This is great. This will definitely be my first tilt-shift.


----------



## Chris Burch (Sep 10, 2012)

Does anyone have good experience with Samyang lenses? Are any of decent optical quality?


----------



## preppyak (Sep 10, 2012)

Chris Burch said:


> Does anyone have good experience with Samyang lenses? Are any of decent optical quality?


Generally speaking, they are highly reviewed for their optical and mechanical quality (well built, sharp, etc). But every lens they make is manual focus, so many don't use them. The general consensus is that they give you 90% of what an L lens would, but at maybe 1/3 the price. They also make de-clicked versions for video, and they are especially well regarded in that world

In this case, manual focus is a non issue since there isn't an auto-focus tilt shift. If they can price this <$1000, it'll probably work out nicely for them. Cause I can settle for 90% of Canons TS-E 24mm II, especially at 1/3 the price


----------



## K-amps (Sep 10, 2012)

Chris Burch said:


> Does anyone have good experience with Samyang lenses? Are any of decent optical quality?



Their 14mm is very good, although MF only. TS are MF anyways so this has the potential to be a good lens.

Any idea on price?

I would guess in the $1k range.


----------



## facedodge (Sep 10, 2012)

Samyang's 14, 35 and 85mm lenses are all very well regarded. The only issue is the lack of Autofocus. I've been toying with the 14mm for a while now, since the lack of AF is diminished as you go wider IMO. The ability to easily do panoramas with at 24mm may make it preferable to the 14mm since you'll get 2-4x the resolution as well.


----------



## bbasiaga (Sep 10, 2012)

I guess the big question is how well corrected it'll be for distortion, and how much CA shows up when shifted/tilted.

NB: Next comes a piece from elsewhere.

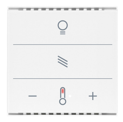
Cala KNX MultiTouch T Light/Sunblind CH Item numbers 70891 (white), 70893 (black)

On certain formus that shall remain nameless, many are already writing this off as DOA for those reasons. They, of course, have no first hand knowledge that there are issues there. I've been wanting to try out a tilt shift. My local shop rents the older canon 24mm and 45mm. I'll probably try them out and if I find its something I enjoy, give this lens a hard look. I've heard these are best for tilt effets such as miniatureization at more 'normal' focal lengths, but I'll have to try it out and see. 

-Brian


----------



## adhocphotographer (Sep 10, 2012)

As soon as i saw this i was excited... If they pitch it for sub 1k $, and the quality of the lens is what we expect from a Samyang lens I think they will be on for a winner.

Lets hope it isn't DOA! though i would presume a tilt-shift has more room for errors then a normal lens... here's hoping Samyang pulls it off well and at a good price!


----------



## max (Sep 10, 2012)

If it costs 1.000 i think you are better off buying a TS-E 24mm f/3.5L version I in the used market for 800-900 bucks.


----------



## Mt Spokane Photography (Sep 10, 2012)

Chris Burch said:


> Does anyone have good experience with Samyang lenses? Are any of decent optical quality?

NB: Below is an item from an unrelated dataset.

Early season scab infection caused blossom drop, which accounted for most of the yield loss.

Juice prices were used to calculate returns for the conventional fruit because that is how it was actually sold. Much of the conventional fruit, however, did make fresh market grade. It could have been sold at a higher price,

I've seen good reviews and bad ones. The 14mm lens I bought was the most horrible lens I've ever owned, and went right back. Others are very happy. The issue seems to be poor quality control, or perhaps easily damaged construction that gets messed up in shipping.
I'd only buy one locally, or from Amazon Prime so that I could easily return it if its another bad one.


----------



## Ellen Schmidtee (Sep 10, 2012)

Same focal length, max aperture, shift & tilt ranges, and ability to rotate as the TS-E 24mm mk2. Hmmm...


----------



## manofiron (Sep 10, 2012)

I had experience with 8mm fisheye, 14mm and 85mm Samyang lenses - all of them are sharp and contrasty. AF is a show stopper for me in 85/1.4 lens - it was too hard for me to use it on a daily basis. 8mm fisheye and 14mm are much easier in nailing the focus spot on. Tilt-shifts are manual anyway. If it's well corrected ( distortion, CA, flare ), then maybe I'll buy their newest offering.


----------



## AdamJ (Sep 10, 2012)

I hope Samyang gets the QA right for this lens. If so, and assuming the optics are good, I'll definitely be a customer.


----------



## wjm (Sep 10, 2012)

Mt Spokane Photography said:


> Chris Burch said:
> 
> 
> > Does anyone have good experience with Samyang lenses? Are any of decent optical quality?
> ...



I don't think it is necessary a matter of poor quality control or an easily damaged construction (the contruction is actually very good). There are two versions of the 14mm lens: first there was the "IF ED MC" and then the "AS IF UMC". The first was not that good (see: http://www.lenstip.com/200.1-Lens_review-Samyang_14_mm_f_2.8_IF_ED_MC_Aspherical-Introduction.html (this page also includes a link to the review of the improved lens: http://www.lenstip.com/index.php?test=obiektywu&test_ob=239)). The second lens is better.


----------



## bbasiaga (Sep 18, 2012)

I guess today is the day for the official announcement! I'll be looking closely here for the news.

-Brian


----------



## arioch82 (Sep 25, 2012)

any more news on this lens? a price/date?


----------



## bbasiaga (Sep 26, 2012)

There was supposed to be an announcement at Photonkia, but I guess it never happened. The trail's gone cold it seems. 

I hope we hear more soon.

-Brian


----------



## wjm (Sep 26, 2012)

bbasiaga said:


> There was supposed to be an announcement at Photonkia, but I guess it never happened. The trail's gone cold it seems.
> 
> I hope we hear more soon.
> 
> -Brian



They showed it/had it on display at the Photokina (at the Samyang stand). I asked about the price but they couldn't tell me. I also asked about it at the Walimex stand (Walimex is the same as Samyang but they didn't have it on display), they estimated it around 900 to 1000 eur.


----------



## Schruminator (Nov 5, 2012)

I contacted one of their European distributors and they are hoping for the lens to be available this January. No word on the pricing.

Fingers crossed!


----------



## Aglet (Feb 19, 2013)

*$999us
now available for pre-order from B&H in Sony, Nikon, Canon mount.*

www.bhphotovideo.com/c/search?Ntt=samyang+24mm+tilt&N=0&InitialSearch=yes&sts=ma&Top+Nav-Search=

read somewhere else it's an expected March delivery


----------



## Schruminator (Feb 20, 2013)

B&H has penciled in a delivery date of April 15th, but I'm hoping some copies sneak into the hands of a few reviewers before then so we can get a good idea of the overall image quality. Fingers crossed!


----------



## Rienzphotoz (Feb 24, 2013)

RLPhoto said:


> This will definitely be my first tilt-shift.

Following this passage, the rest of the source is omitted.